Segmentation fault (core dumped) when running with >2 GPUs

I’m getting a Segmentation Fault when trying to run my code on an instance with 4 Tesla K80s. If I use any 2 GPUs, the model trains just fine. But when I increase the number of GPUs to 3, I get the Segmentation Fault (core dumped. I’ve tried running gdb and here’s what I see:

Thread 49 "python" received signal SIGSEGV, Segmentation fault.
[Switching to Thread 0x7ffefaffb700 (LWP 16808)]
0x00007ffff062a8d5 in ?? () from /usr/lib/x86_64-linux-gnu/libcuda.so.1
(gdb) where
#0  0x00007ffff062a8d5 in ?? () from /usr/lib/x86_64-linux-gnu/libcuda.so.1
#1  0x00007ffff077a914 in ?? () from /usr/lib/x86_64-linux-gnu/libcuda.so.1
#2  0x00007ffff0716e80 in ?? () from /usr/lib/x86_64-linux-gnu/libcuda.so.1
#3  0x00007ffff77e46ba in start_thread (arg=0x7ffefaffb700) at pthread_create.c:333
#4  0x00007ffff6e0a41d in clone () at ../sysdeps/unix/sysv/linux/x86_64/clone.S:109
(gdb) 

I’m running within a conda environment on Pytorch 0.3.1 in python 2 and am using Cuda 8.0. I’m also using OpenCV.
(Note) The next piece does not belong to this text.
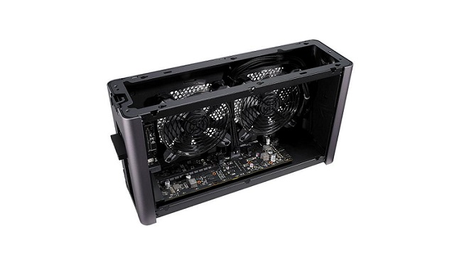 XG Station Pro دارای یک پورت Thunderbolt 3 است که امکان انتقال اطلاعات تحت پهنای باند 40 گیگابیت بر ثانیه را فراهم میکند. این کیس تمام آلومینیومی همچنین قادر است با یک منبع تغذیه قدرتمند و با فراهم کردن 330 وات توان، کارتهای گرافیک خارجی را پشتیبانی نماید. این کیس همچنین در ابعادی کوچک و جمع جور طراحی شده است تا فضای کمی را بر روی میز کار کاربران اشغال کند.

I can actually reproduce this issue with this simple script:

import torch
from torch.autograd import Variable
import torch.nn as nn
import torch.nn.functional as F

class Net(nn.Module):
    def __init__(self):
        super(Net, self).__init__()
        self.conv1 = nn.Conv2d(3, 6, 5)
        self.pool = nn.MaxPool2d(2, 2)
        self.conv2 = nn.Conv2d(6, 16, 5)
        self.fc1 = nn.Linear(16 * 53 * 53, 120)
        self.fc2 = nn.Linear(120, 84)
        self.fc3 = nn.Linear(84, 10)

    def forward(self, x):
        x = self.pool(F.relu(self.conv1(x)))
        x = self.pool(F.relu(self.conv2(x)))
        x = x.view(-1, 16 * 53 * 53)
        x = F.relu(self.fc1(x))
        x = F.relu(self.fc2(x))
        x = self.fc3(x)
        return x

if __name__=="__main__":
        net = Net()
        net.cuda()
        net = nn.DataParallel(net)
        X = torch.rand(2,3,224,224).cuda()
        X = Variable(X)
        y = net.forward(X)

If I comment out net = nn.DataParallel(net), it only runs when I specify CUDA_VISIBLE_DEVICES=3. Anything else produces a Segmentation Fault with the same gdb output as above.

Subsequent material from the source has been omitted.